New Integration Approaches for Highly Arrayed Nanostructures for Organic/Inorganic Solar Cells

Tuesday, 7 October 2014
Expo Center, 1st Floor, Center and Right Foyers (Moon Palace Resort)
G. Namkoong (Applied Research Center), I. Nam (Applied Research Center, Old Dominion University), K. Zhang, and H. Baumgart (Applied Research Center at Thomas Jefferson National Accelerator Laboratories)

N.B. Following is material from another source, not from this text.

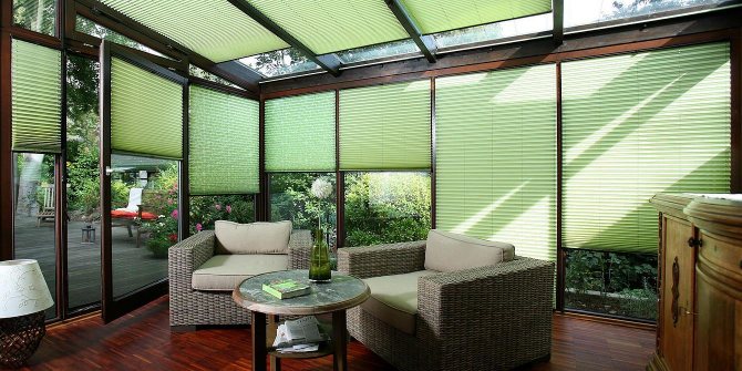Lorsque la loggia fait face au côté ensoleillé, la meilleure solution sera les produits en tissu avec un revêtement métallisé réfléchissant. Grâce à eux, une température de l'air confortable sera maintenue à la fois sur le balcon et dans la chambre.

Special interest continues to grow in the achievement of fundamental understanding of nanostructured assemblies that potentially open new horizons for creating novel energy conversion systems. When one-dimensional (1D) nanostructures based on nanotubes or nanowires are integrated into the assembly of well-ordered architectures, they exhibit a variety of tunable optical and electrical properties that can offer exciting opportunities in creating the next generation of solar cells.  Recently, particular focus has been placed on nanostructured solar cells that can tolerate a higher level of defects and impurities. To realize their potential, semiconducting 1D nanostructures that serve as conducting scaffolding and absorbing layers should be controlled in a predictable and precise fashion in order to efficiently tailor photon harvesting and transport charge carriers [1,2,3]. While the past several years have witnessed great progress in the area of nanotechnologies, structural dimensions (height, thickness, and spacing) and spatial alignment of 1D nanostructures have not been shown to be selectively controllable with high precision [4].  Accordingly, current nanofabrication technologies allowing for precise control over the assembly of 1D nanostructures yielding optimal architectures of nanostructured solar cells are still in their infancy. Hence, a scarcity of ideal platforms consisting of highly-controlled nanostructure assemblies makes use of non-ideal systems, thereby preventing systematic studies of energy conversion processes within the cell and at the heterojunction interfaces. Therefore, we provide novel approaches to investigate material synthesis for highly arrayed nanostructured systems for solar cell applications.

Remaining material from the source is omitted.